EF育成チームでメカニック修行開始 家本メカにインタビュー
ロードレースの本場、欧州の門戸を叩くのは、何も選手だけではない。
この春、鹿屋体育大学を卒業し、渡欧。ロードレースの一流メカニックをめざし、スペインを拠点とするEFエデュケーション・NIPPO ディベロップメントチームで活動を始めた24歳の家本真寿(いえもと・まさかず)。“メカニックになりたくて” 自転車競技強豪校の鹿屋体育大学に入学したという少し変わった経歴の持ち主。だからこそ、メカニックという仕事への決意や情熱は人一倍強い。家本メカニックに、過去と未来、そして現在の心境を聞いた。
小さな頃から、自転車が好きだった父親の影響でサイクリングを楽しみ、同じく父親の影響から機械いじりが大好きだった家本。大きくて複雑なプラモデル、本格的なラジコンカー、かまぼこの板に基盤を張り付けたラジオなどを作って楽しんでいたと言う。そのため、自転車に興味をもつと必然的に、乗ること以上に自転車の仕組みや整備に惹かれていった。高校生になると、バイクブランドCannondale(キャノンデール)を知ったことを機に、鹿屋体育大学自転車競技部の活動を知り、当時学生メカニックとして活動していた福井響氏に強い憧れを抱いた。そして鹿屋体育大学に進学し、自転車競技を学ぶ道を歩み始め、メカニックになるという夢は具現化していく。
「大学に行って真剣にメカニックを目指すことに迷いは一つもなく、入学当初から自転車競技が盛んな世界をメカニックとして見てみたいと感じていました。

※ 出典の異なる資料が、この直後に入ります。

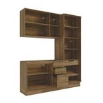Informações importantes:As imagens são meramente ilustrativas, não acompanha acessórios;Pode haver variação de cor de acordo com a calibragem da tela onde o produto está sendo visualizado;Todos nossos móveis são entregues desmontados;A montagem é sempre por conta do cliente (orientamos a contratação de um qualificado, o manual de montagem acompanha o produto);O vídeo do produto pode ser genérico, então atente-se às imagens do anúncio para optar pela cor/modelo.Características:Material em MDF de 15mm de espessura, com tampos em MDP;Puxadores de metal na cor dourado;Corrediças telescópicas;O rodapé possui 16 centímetros de altura;Rodapés, 7 portas e 3 Gavetas.Dimensões:Largura: 192cm;Altura do Balcão: 88cm;Profundidade Inferior: 52cm / Superior: 37cm.Acabamento: Pintura Touch | Cor: Nogueira | Corrediças: Telescópicas | Dobradiça: Com Amortecimento | Garantia: 3 meses para defeito de fabricação | Matéria-prima: MDF / MDF/ Vidro | Peso suportado por cada gaveta: 6 Kg | Peso suportado por cada prateleira: 7 kg | Puxadores: Metálicos / Puxadores de Metal e de Alumínio | Quantidade de gavetas: 1 / 3 | Quantidade de portas: 2 / 3 | Quantidade de prateleiras: 1 / 2 / 5 | Sistema de montagem: Parafuso Philips | Tipo de porta: Bater | Tipo de móveis de cozinha: Cozinha completa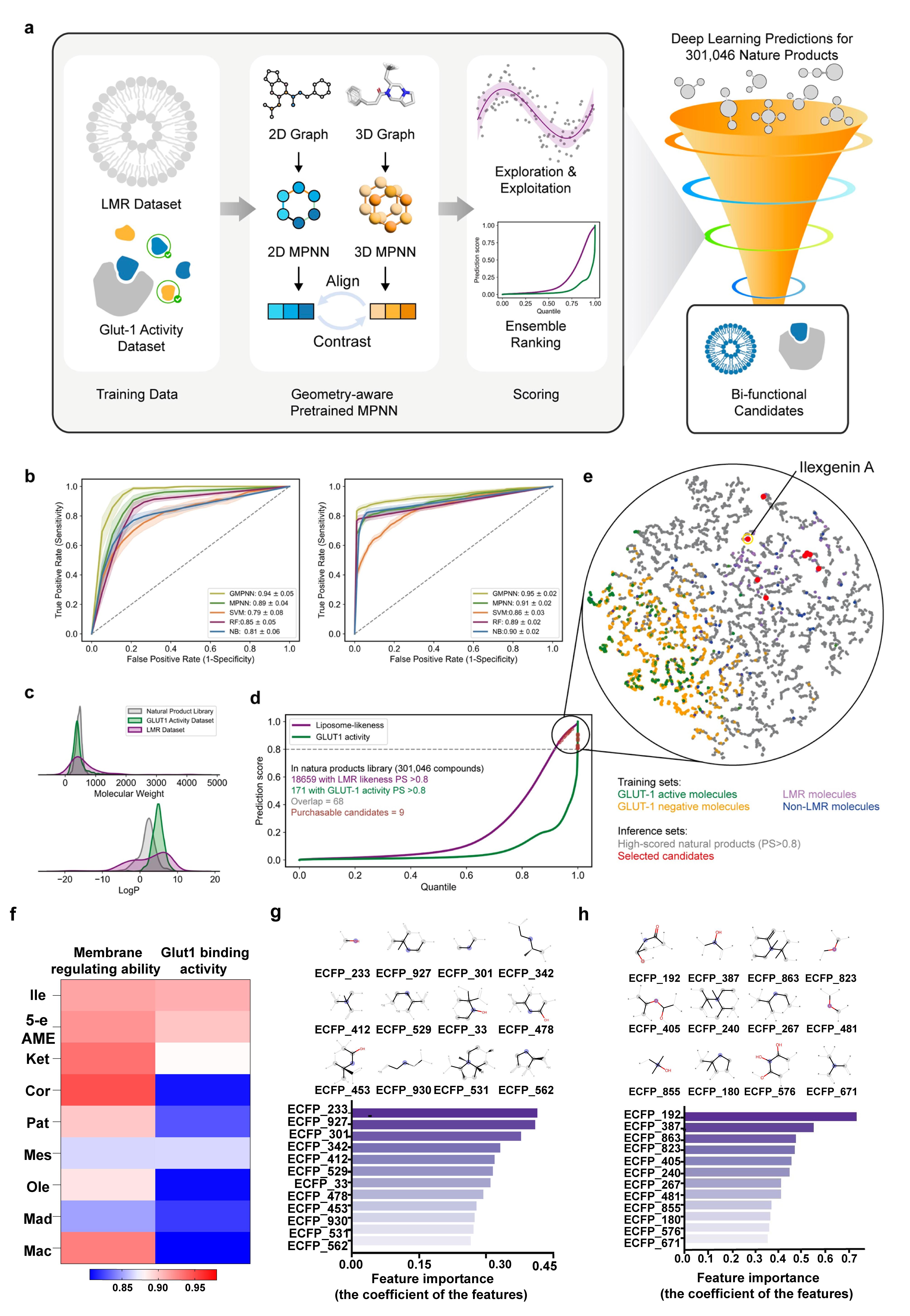 图1:GMPNN算法模型构建及候选双功能天然产物挖掘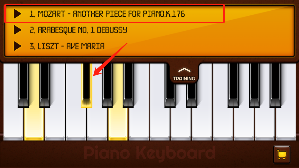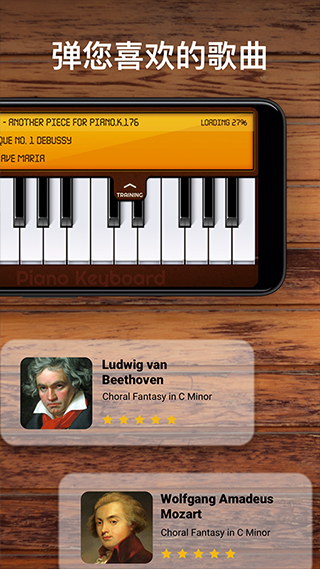 3、“training”中支持用户跟练各种经典乐谱,更快速的掌握弹奏技巧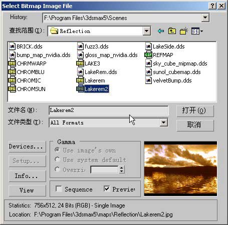 从文件选择路径窗口中找到max安装目录下的maps文件夹,在reflection文件夹里面选择lakerem2.jpg文 件,这张图很适合作金黄色金属贴图。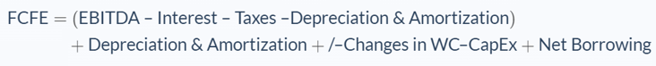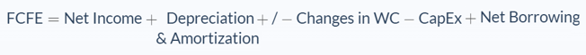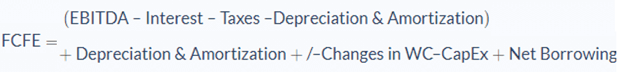 The formula for FCFE is: FCFE = Cash from Operations − Capital Expenditure (Capex) + Net Borrowing
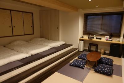 昭和感漂う外観ながら、内部はフルリノベーションされていて最新のホテルと遜色ありません。モダン和室は広々。部屋の段差も、寝室と居間を心理的に区切る効果があり、布団を敷きっぱなしでもだらしない感じになりません。ちょっと腰掛けるのにも重宝しました。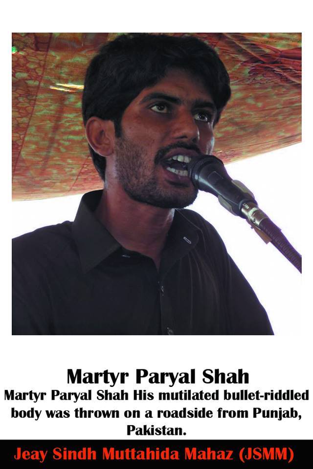 “martyr Asif Panhwar was a student of I.T. Department of University Of Sindh Jamshoro. He was abducted from University 100 days ago. His crime was that he had demanded the freedom of his country, Sindh. A historical country which was occupied by Pakistan through British strategy. Sindhi from the whole world must have to unite to make free Sindh from the chains of Pakistan, otherwise Sindhi would be killed continuously”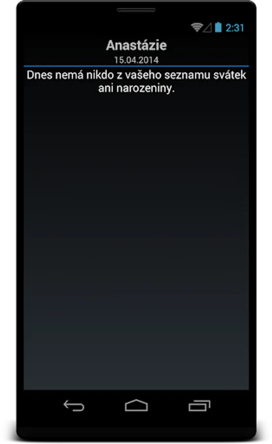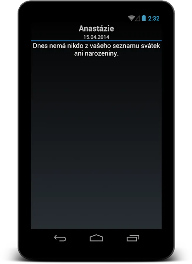 The Android Holidays app displays the name day of your choice and the birthday for each day of the year from your list.

いままで取り組むことすべてが中途半端だったため、年齢的にも挑戦できることの最後と決め、自分のためにも両親やこれまで支えてくださったすべての人に『自転車のメカニックをしています』と胸を張って言えるくらい頑張りたいといった心境でした」。
大学では独学でメカニックとしての仕事を学び、日々整備を行なっていたが、次第に「必死に走る選手たちの自転車を、そんな生半可な知識と技術、技能で整備してはいけない」との思いが強まり、地元山口県の自転車屋さん「サイクリングサロンヒロシゲ」という自転車屋さんでロードバイクの整備をイチから学び、その後はチームNIPPOの中国遠征、欧州遠征、国内遠征でレース機材の整備やレースメカニックの基本を学ぶ。また鹿屋体育大学はトラックレースにも力を入れていたことから、トラックならではの整備技術を磨くため、トラック日本代表チームにも何度も足を運び、工具の扱い方の基本やメカニックとして大事なことを学んだ。そして卒業論文を書き終えると同時に渡欧。スペインを拠点とするチームに合流した。
「大学を卒業してメカニックにならない選択肢は僕にはありませんでした。欧州に渡ることは正直なところ、不安とワクワクが入り混じっていました。本当にやっていけるか不安である反面、自分がどこまで成長できるか楽しみな感情もあったように感じます。欧州のチームにこだわっていたわけではないのですが、日本人が一丸となって戦うNIPPOの体制が好きでした。西勉メカニックのように単身で欧州に渡る勇気があったかと言われるとまだまだ甘えてはいますが、日本人選手やメカニック、マッサー、カメラマン、大門監督とまではいきませんが、そのような先輩の背中を追いたいと考えています」。
メカニックとしての仕事以外にも、たとえばチーム車両の効率のいい停め方や自転車を置く位置など学ぶことは多岐にわたる。またコミュニケーションにしても言語力だけでなく、その奥にある日本人とは異なる感覚や考え方に慣れることなど、多くのことが求められる環境だ。目先の課題は、英語でのやり取りやパーツや物品を細かく管理すること。チーム内では英語でのコミュニケーションが必須。会話はもちろんのこと、メールも英語。それを理解して返す(もちろん英語で)時間をスムーズにしていかなければならない。機材管理にしても、大学の機材とは比べ物にならないほどの種類や量を常に頭の中に入れなくてはいけない。さらに複雑な遠征のロジスティックスに対応し、日常的な自転車の整備もある。
どんなに忙しく、慣れない作業が続いても、家本が大切にするメカニックとしての心掛けは、丁寧な仕事を心がけること、困ったときに考えることをやめないこと、手を抜かないこと、の3つ。「ボルト1本締め忘れただけでも、選手の命、リザルト、他者からの信用にも関わるので、教えられた手順どおりチェックを怠らないようにしています。この考えはまだ欧州に来たばかりですが、この先も変わらないと思います」。仕事のやりがいは『ありがとう』『Thank you』 と言われたとき。パーツを変えたり修理をしたあとに、選手が嬉しそうに自転車にまたがる姿を見ていると、役に立てたと感じ、とても達成感がある。
「今後はチームに欠かせない存在になりたいです。やっぱり仕事が少しずつ増えることは大変ですが、それはできることが増えた証拠でもあるので、もっと忙しくなれるように頑張りたいと考えています。今はワンデイと呼ばれるレース日程が1日だけのレースでも終わったら疲労困憊です。いつかは大きなステージレースでも帯同できるようになること、仕事を任されることが目標です」。
「欧州プロになりたい」という夢は選手にかぎったものではない。ヨーロッパでの経験をもとに、業界の第一線で活躍する先輩スタッフたちの背中を追って、家本の本格的なメカニック修行は始まったばかりだ。